Twice as many suspected war criminals reported to Swedish police last year than 2015
"A third are about incidents in Syria or Iraq, and beside those there are scattered cases from other countries where there have been or are still conflicts," Patricia Rakic Arle, head of the commission, told SvD.
A total of 80 such cases were handled by the War Crimes Unit of the Swedish police in 2017.
Many of the reports were processed through the Swedish Migration Agency, whose experts interview people during the asylum application process and specialize in detecting suspected war criminals attempting to pass themselves off as civilians.
“The Swedish Migration Agency conducts interviews with residence permit applicants, aiming to investigate their right to a residence permit in Sweden.

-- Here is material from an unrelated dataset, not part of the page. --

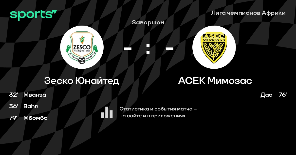 Зеско Юнайтед – АСЕК Мимозас: коэффициенты
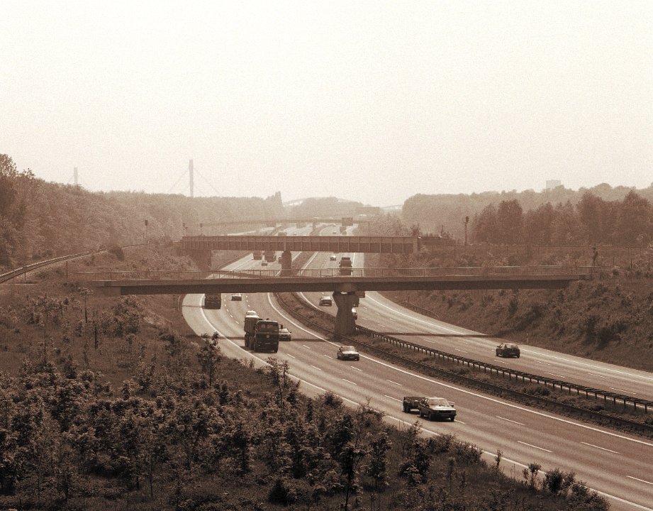 90 Autobahn bei Baerl im Dunst Pentax 6x7, SMC 4.0/200, Delta 400 pro - Mai 1997 - |

In those interviews, information may come up which indicates a war crime could have taken place,” Johanna Mahlen of the Swedish Migration Agency told RT.com. “In such cases, The Swedish Migration Agency reports this to the Swedish Police for criminal investigation.”
Mahlen added that, in the past four years, the number of cases reported to authorities has quadrupled: 12 in 2014, 21 in 2015, 43 in 2016, and finally, 52 in 2017.
“Every person is guilty of war crimes who commits a certain act such as killing, if it is part of, or otherwise connected to, an armed conflict or occupation. The sentence imposed will be imprisonment for at most six years or, if the crime is gross, at least four years and at most 18 years, or life,” the Swedish police wrote in an a statement confirming updates to Swedish law regarding the prosecution of such cases.
“War crimes, also known as universal crimes, may be investigated in Sweden regardless of where or by whom they were committed.”
Last year, a total of four people were convicted of war crimes by Swedish courts, one of whom was a man sentenced to life in prison for killing seven people in Syria.
Haisam Sakhanh, 46, was a Syrian with a Swedish residency permit. He was convicted of the execution-style murder of seven people in Idlib, Syria in 2012, which constituted a "serious violation of the regulations of international humanitarian law."
"The judges have given an important signal that Sweden is not a safe haven for war criminals," Per Ahsltröm, head of the war crimes investigation group at the Swedish police, said in a statement as cited by The Local.